They say great ideas have three phases: first, they’re ludicrous, then they’re wrong and finally they’re obvious

The late James Nisbet’s invention of the elemental cost plan followed that trajectory fairly closely. These days, it is essential to any complex building: it enables the project team to have a disciplined conversation about cost, it makes benchmarking possible by making similar but different buildings comparable, and it allows anything with a cost implication to be related back to a single document. In other words, it’s completely obvious. The weird thing is that this never struck anyone before.

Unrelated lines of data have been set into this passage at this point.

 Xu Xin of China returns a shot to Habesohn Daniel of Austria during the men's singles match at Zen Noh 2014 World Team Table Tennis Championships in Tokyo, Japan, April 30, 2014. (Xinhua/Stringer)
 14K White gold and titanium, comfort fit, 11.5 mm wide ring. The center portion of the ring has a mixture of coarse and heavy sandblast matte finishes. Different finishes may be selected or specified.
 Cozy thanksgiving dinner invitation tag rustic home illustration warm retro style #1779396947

As our obituary of Nisbet recalls, the RICS greeted the proposal with outrage and formed a committee to strangle the baby at birth; after that failed, the idea spread rapidly through the UK industry and shortly afterwards conquered the world. Ironically, the RICS’ Building Cost Information Service became the true inheritor of Nisbet’s legacy, and Joe Martin, its executive director, points out that nobody in any country had thought of it before.

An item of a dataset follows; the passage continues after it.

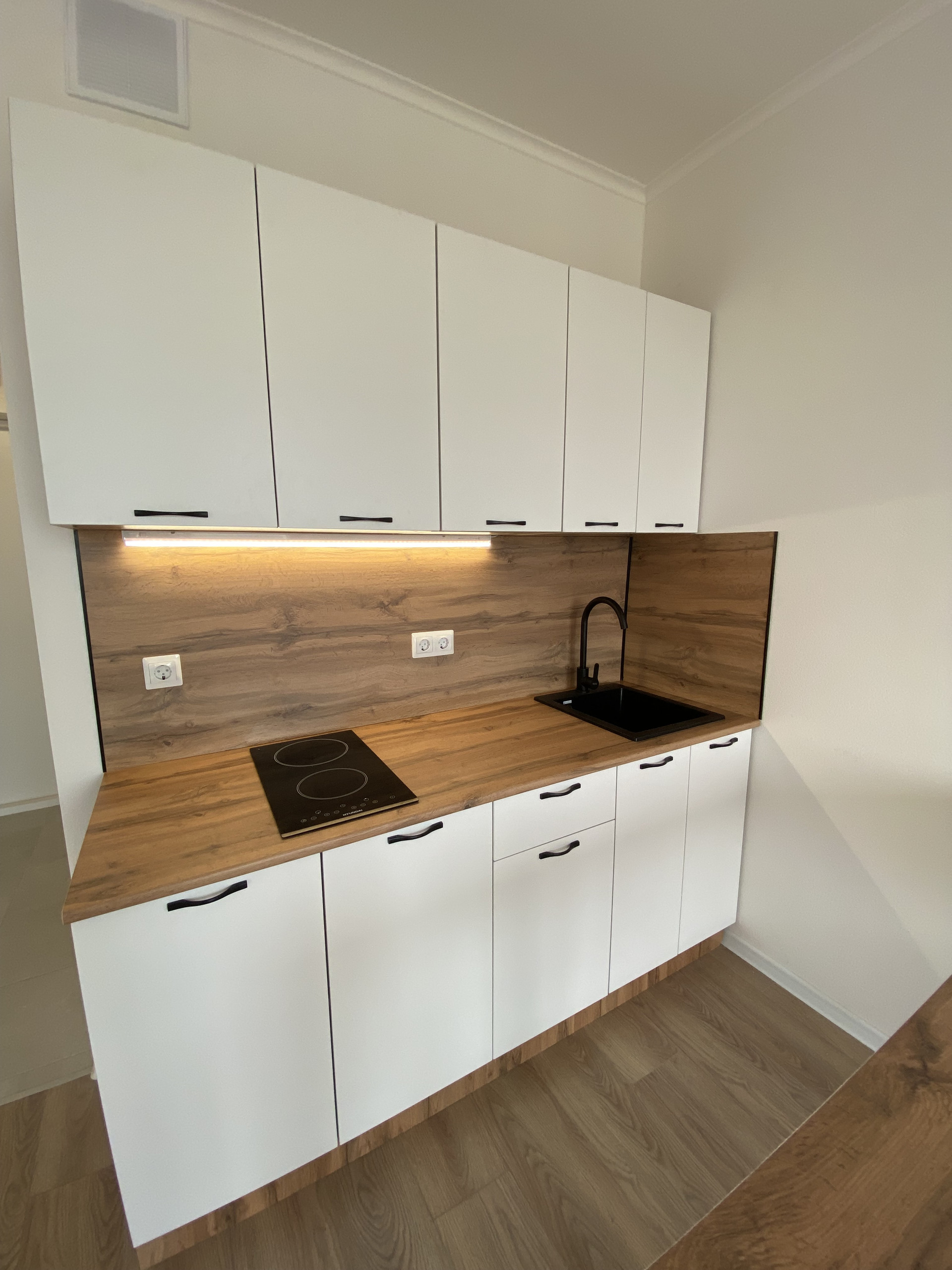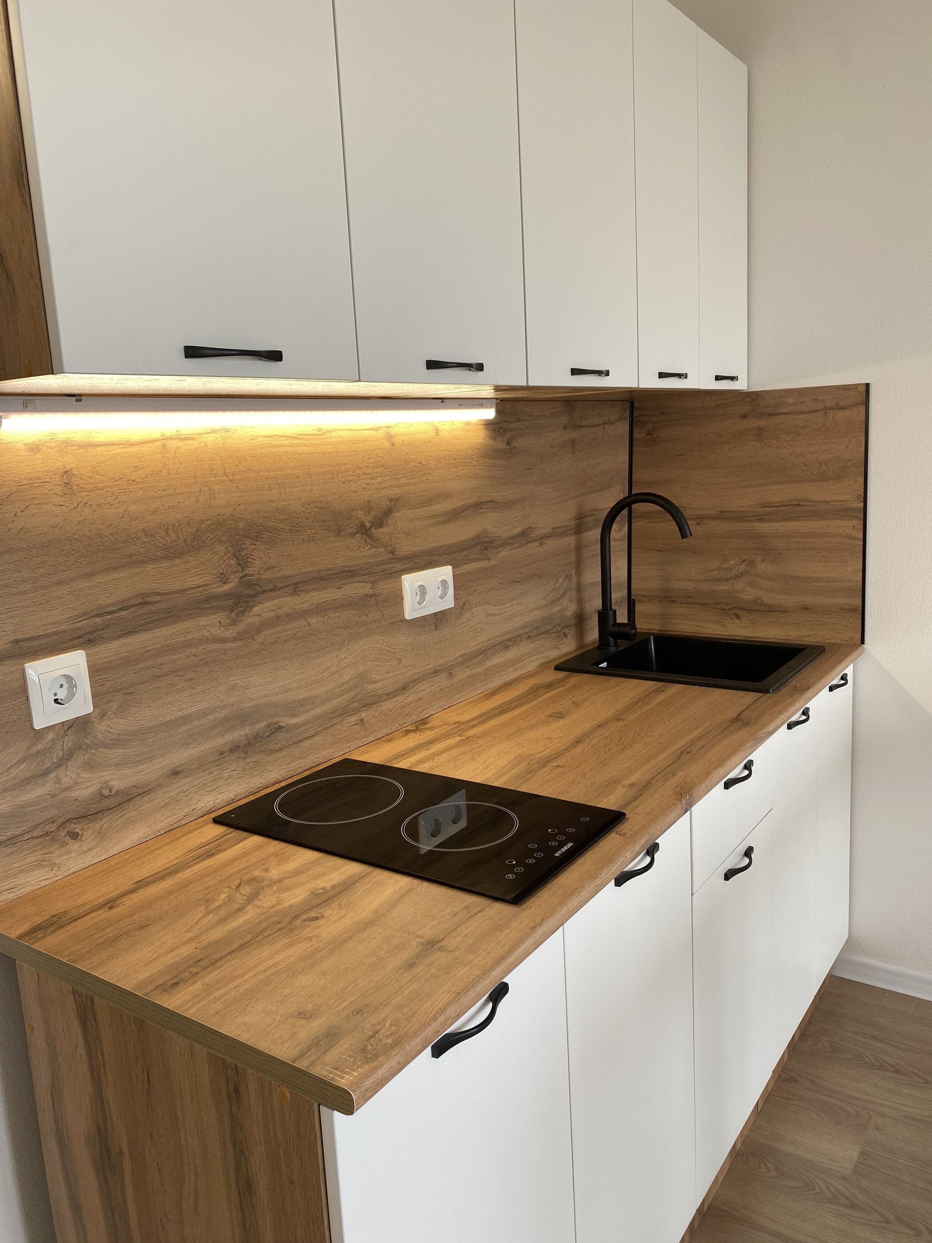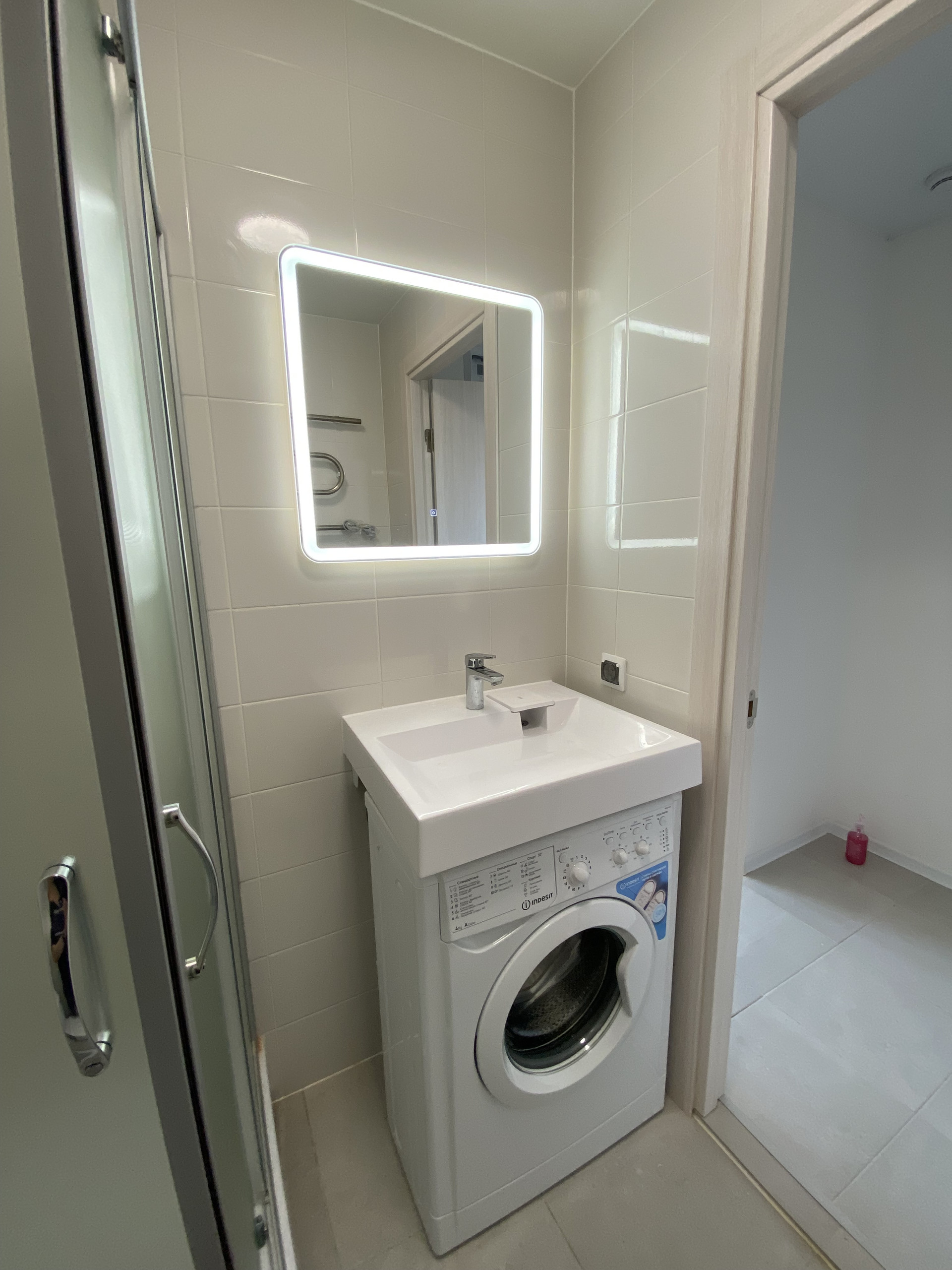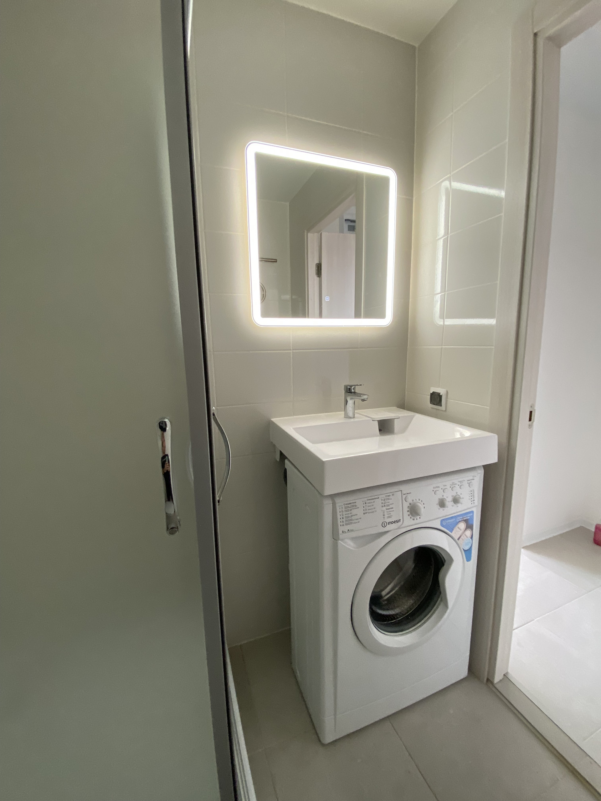 В квартире выполнен ремонт, установлена стильная кухня, барная стойка, барные комфортные стулья,  индукционная плита.   Установлена душевая кабина, новая стиральная машина, зеркало с подсветкой..

One reason Nisbet is remembered so fondly by so many QSs is that the cost plan transformed their role from that of a measurer to a manager. Before it, the QS’ job was to cost a design by taking the architect’s drawings and calculating a bill of quantities. After it, the architect’s job was to design to the cost that the QS had laid down. This put the profession next to the client, and made them into the figures of awe and terror we know so well today.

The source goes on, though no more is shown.